Gone with the Wind was set in an era where slavery was still an active social institution and the economic anchor of the cotton-based prosperity of The South. Therefore the only known relationship between the blacks and the whites of that historical period was that of master-slave relationship and not that of humans equal before the law.
And even decades later when Margaret Mitchell wrote the book, she was still in a society that had not completely integrated blacks and whites as equals. Many public places in 1936 were still off-limits to blacks and this might have been the reason for Margaret Mitchell’s ignorant view of how slavery affects the blacks in Gone with the Wind.
The American Civil War
Gone with the Wind narrates the tale of the war from the personal experiences of the people of the defeated belligerent, The Confederacy. How their civilization was destroyed by the war, how some clung to the lost old days and lost themselves, and how a number of survivors made the best out of the situation and adapted to change.
Margaret Mitchell was inspired by an unforgettable ride through the war-torn ruins of Jonesboro with her mother telling her that only people that have something of worth in themselves can rise out of such ruins. She depicts that ruin in Gone with the Wind as Scarlett rides back to Tara after the fall of Atlanta. It is said that it was the only part of the book that Margaret Mitchell wanted unchanged during the editing of the ‘Gone with the Wind’ manuscript.
Morality and Hardship
The story of Gone with the Wind shows how hardship and starvation can screw up the spectrum of morality on the prism of survival. People’s virtues are often overshadowed by vices when everything is reduced to a basic struggle for survival. For instance, the valet of the O’Hara family, Pork who was never stealing in peaceful times was reduced to stealing food to sustain the household of Tara and Scarlett who would have chastised him in normal circumstances, did not chastise him because she realized their options were limited to stealing or dying of starvation.

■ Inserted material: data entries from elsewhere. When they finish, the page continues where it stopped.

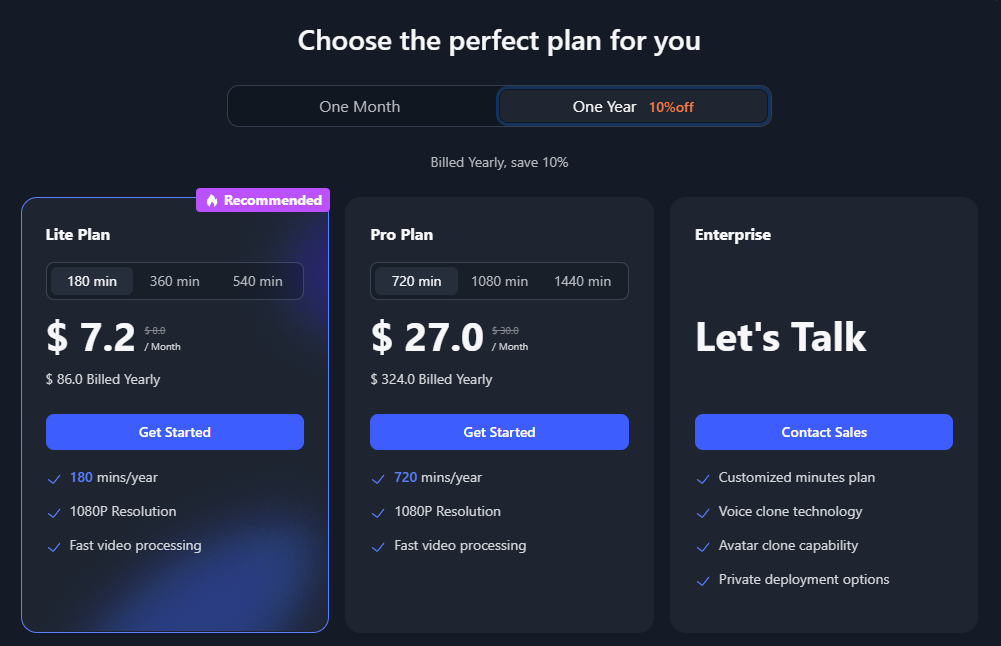 - 视频翻译:基于 AI 的语音克隆与口型同步技术,将原视频翻译为多语言版本,支持 70+ 语言和 180+ 口音。
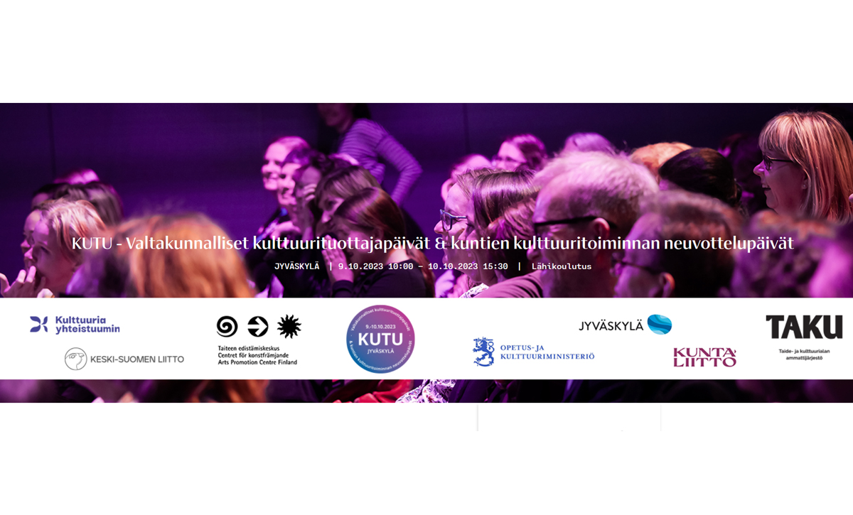 KUTU - Valtakunnalliset kulttuurituottajapäivät & kuntien kulttuuritoiminnan neuvottelupäivät on kaksipäiväinen seminaaritapahtuma, joka järjestetään 9.-10.10.2023 Jyväskylässä, messu- ja tapahtumakeskus Paviljongissa.
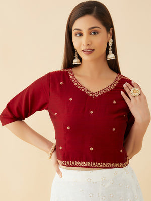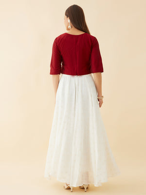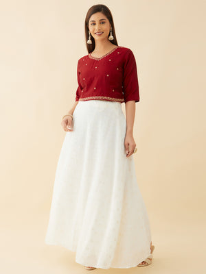 This Floral Motif Embroidered Crop Top Sequin Embellished Skirt Set Red White Skirt set will have you turning heads at any event. Perfect for a special occasion, this set is a must-have in any fashion-forward wardrobe.
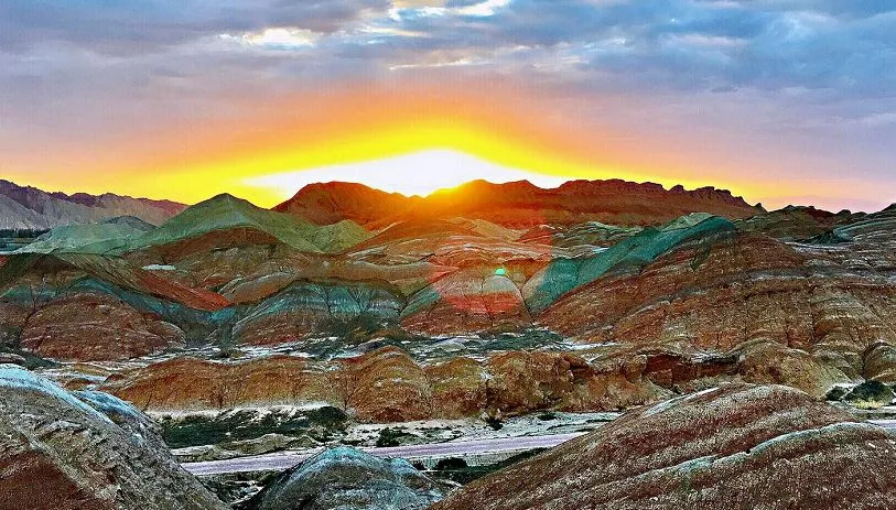 張掖丹霞地貌分布很廣,方圓100平方公里的山地丘陵,造型奇特,色彩斑斕。有“千山波濤涌,百里丹霞紅”的壯觀。
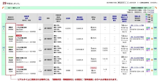 リアルタイム連携をした『SUUMO B2B』の画面イメージ
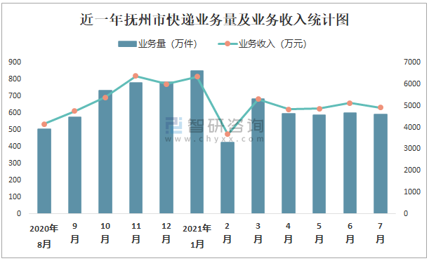 根據各省市郵政局數據可知:2021年7月撫州市快遞業務量為589.84萬件,業務收入為4923.21萬元;2021年1-7月撫州市快遞累計業務量為4330.7萬件,同比增長79.21%,累計業務收入為35114.82萬元,同比增長55.85%;2016-2020年撫州市快遞業務量與業務收入均逐年遞增,平均單價總體呈現下降趨勢。
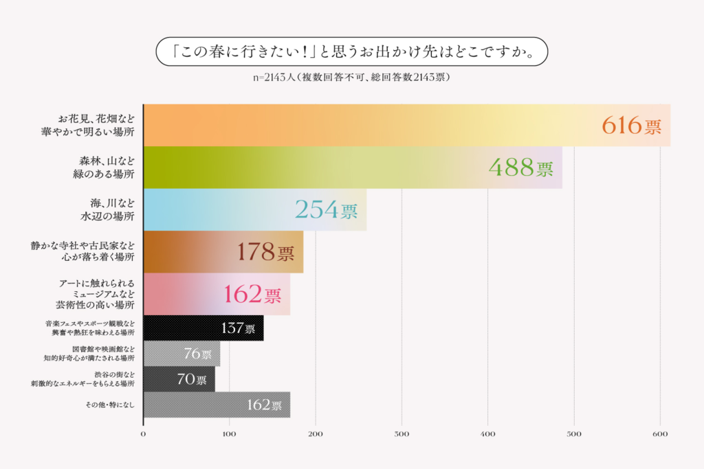 本フェアは、2025年秋から始動した「渋谷グルメ」を深掘りするプロジェクトの第3弾として企画された。今回は、渋谷で働く20代〜40代の女性を中心に「春のお出かけ気分」をテーマとした事前アンケート調査を実施。「アートに触れられる芸術的な場所」「華やかなお花見」「緑豊かな森林」といった回答から導かれた心理的な気分を、ピンク、イエロー、グリーン、ブラウン、ブルーの「5色の春色カテゴリー」へと細分化した。

There is something of the hardships of the Reconstruction era that resonates with the hardships of the Great Depression of America that occurred during the writing of Gone with the Wind in Margaret Mitchell’s own lifetime.
How does Gone with the Wind relate to History?
Gone with the Wind gives an account of the American Civil War and The Reconstruction Era from the perspective of rich white Southerners. However, it is a fictitious creation and may contain historical inaccuracies. Yet, it still serves as a reference point for debates among historians. It also relates the racial divisions of the era in which it was set as well as societal ideas of propriety and gender dynamics at the time.
Is Gone with the Wind historically accurate?
There are many controversies about the historical accuracy of events in Gone with the Wind and so it is perhaps not the most reliable source for historical facts. For instance, the depiction of slavery is said not to represent the true state of affairs at the time and historians have also pointed out many inconsistencies in the details of the American Civil War in the novel.
Is Gone with the Wind considered historical fiction?
Yes, Gone with the Wind is historical fiction. Historical fiction is a genre of literature that sets its narration and characters in a time frame from the past.
Gone with the Wind is historical fiction because it is an imagined story that was written in the twentieth century but set in the mid-nineteenth during The American Civil War.